Капитан Темпеста. Дамасский Лев. Дочери фараонов — страница 100 из 148

Христианский мир победил и на долгие, долгие годы сокрушил турецкое господство на морях.

С последним пушечным выстрелом, возвестившим о конце сражения и о всеобщем сборе флота, Себастьяно Веньеро и Маркантонио Колонна поднялись на борт испанского флагмана и, плача от волнения, бросились обнимать юного принца, который, в свои двадцать лет, сражался, как настоящий воин.

А в это время в своей каюте умирал раненый Барбариго, радуясь, что успел получить известие об исходе большой битвы.

Двести четыре турецких корабля были потоплены, девяносто четыре выбросились на скалы и сгорели, остальные сто тридцать были захвачены. В качестве трофеев были взяты рабы-христиане, прикованные к веслам, сто семнадцать пушек крупного калибра и двести пятьдесят шесть мелкого калибра, палубные фонари, знамена, включая знамя Али-паши, которое до сих пор хранится в Венецианском арсенале, и плюмажи со шлемов турецких военачальников.

Помимо этого, солдаты лиги взяли в плен три тысячи четыреста шестьдесят восемь мусульман. Им оставили жизнь, потому что у бойцов уже не было сил убивать.

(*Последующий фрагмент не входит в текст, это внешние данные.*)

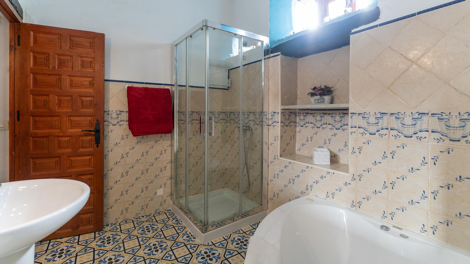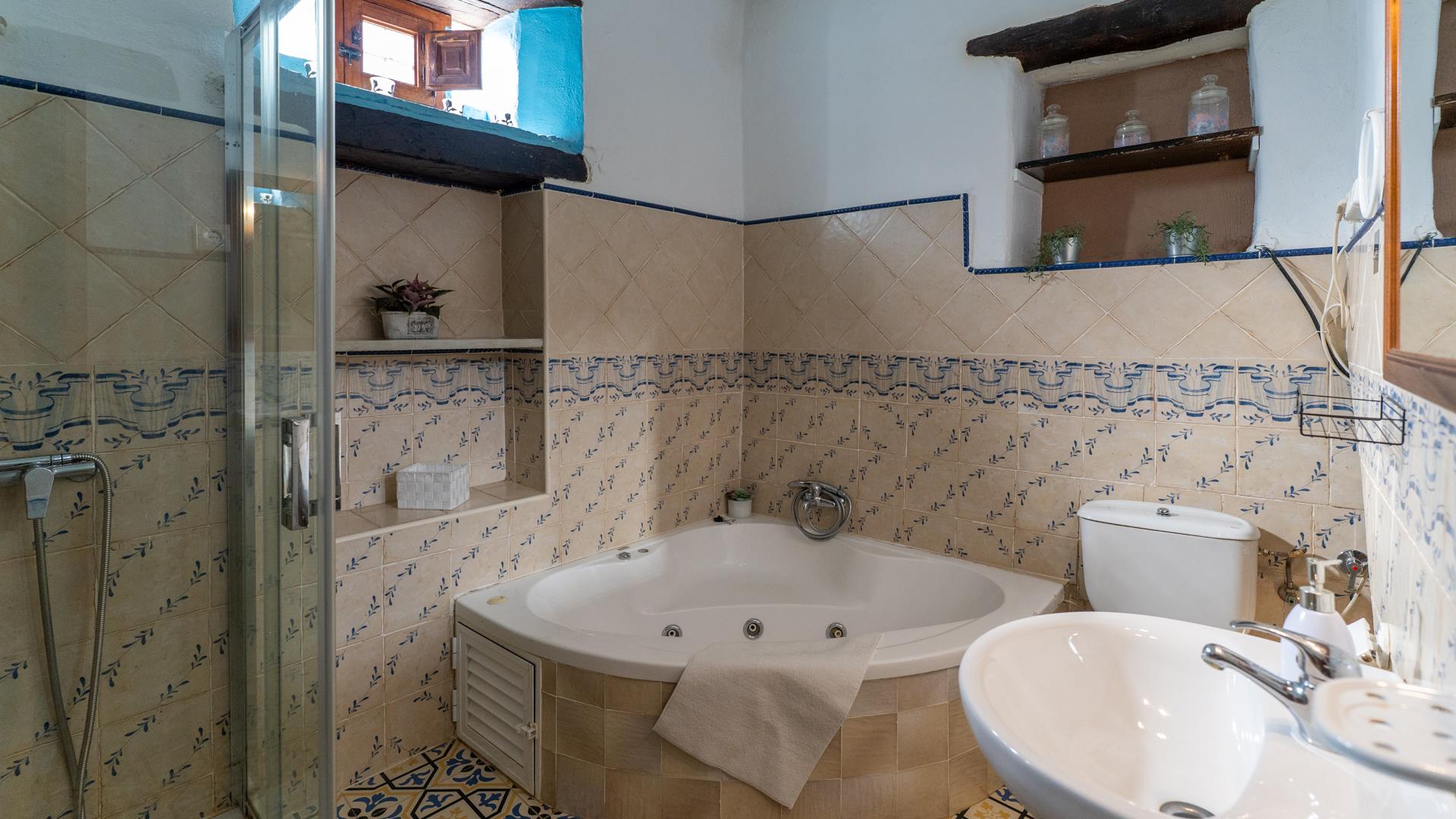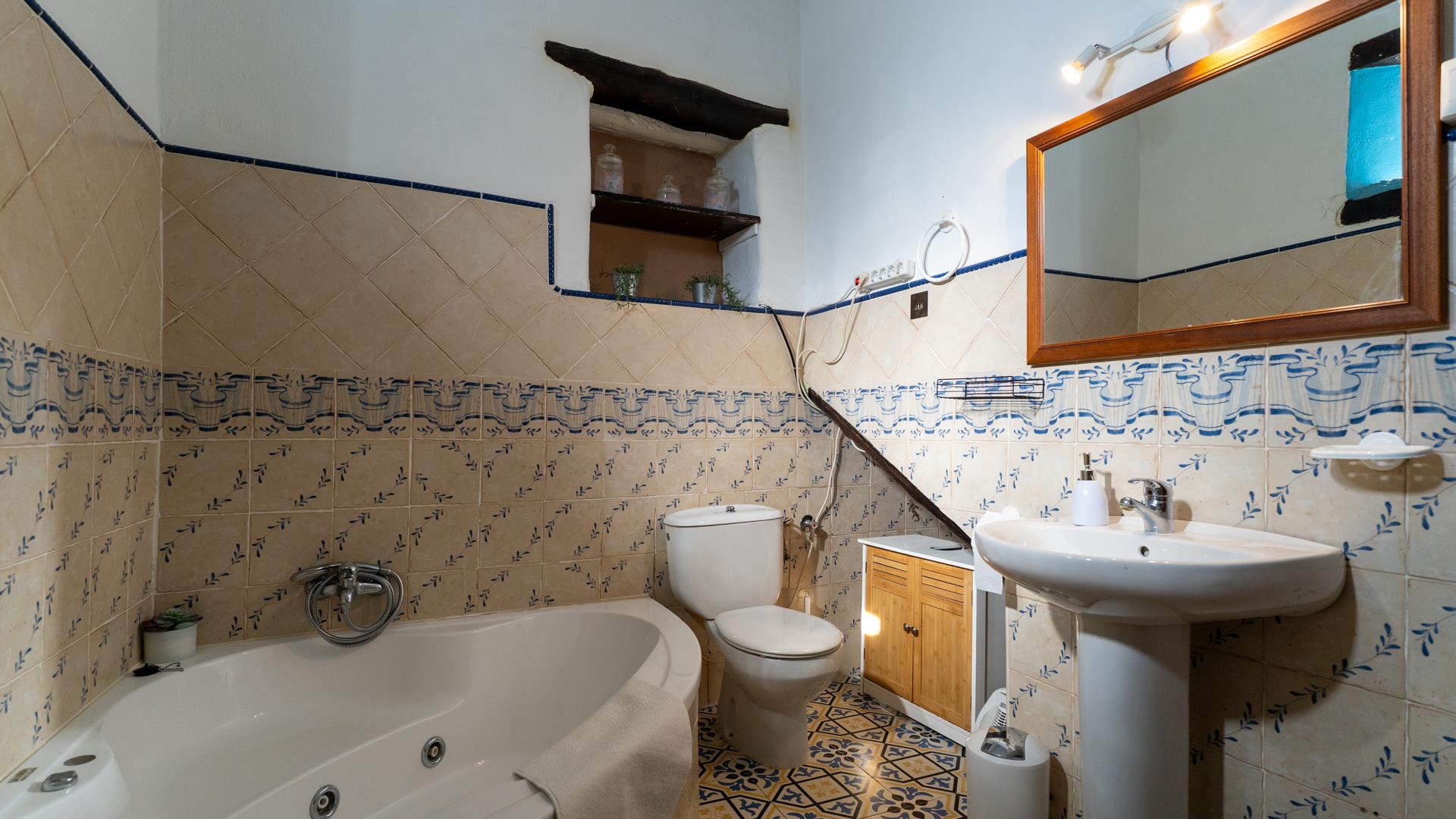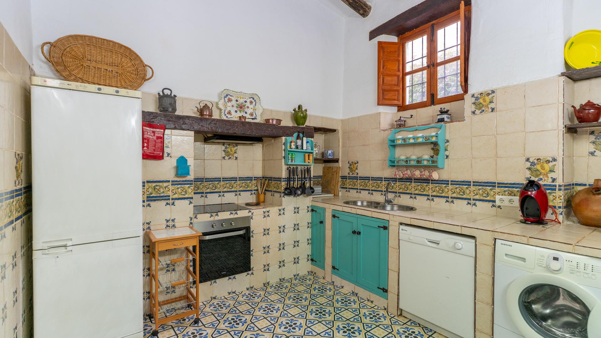 La cocina, decorada con azulejos andaluces tradicionales, está totalmente equipada con todas las comodidades modernas: frigorífico-congelador, horno, placa, microondas, lavavajillas, lavadora y todo tipo de utensilios, para que no le falte nada a la hora de preparar comidas caseras.

В течение двух дней небо над Лепанто было пасмурным от дыма, а море — красным от крови.

После окончания жестокой битвы Себастьяно Веньеро отправил в Венецию галеру «Архангел Гавриил» под командованием Оффредо Джустиньяни. На борту галеры находились паша Дамаска, его сын, герцогиня с маленьким Энцо, Мико и Никола.

Гребцы изо всех сил налегали на весла, и через десять дней галера, с турецкими флагами вдоль фальшбортов, вошла в Венецию, в порт Лидо, и венецианцы узнали грандиозную новость.

Капитану было поручено передать в сенат отчет о сражении, написанный рукой Себастьяно Веньеро. Он заслуживает того, чтобы его воспроизвести.

«По указанию командующего в столкновении и абордаже участвовали четыре галеры с сигнальными огнями.

Дон Хуан ударил галеру Али-паши носом в нос, а я слева от мачты, и Богу было угодно, чтобы все мои удары пришлись на корму.

С кормы пошли на абордаж два благородных и доблестных воина, господин Каттарин Малипьеро и господин Дзуан Лоредан, которых я велел позвать и которые пали в сражении смертью храбрых.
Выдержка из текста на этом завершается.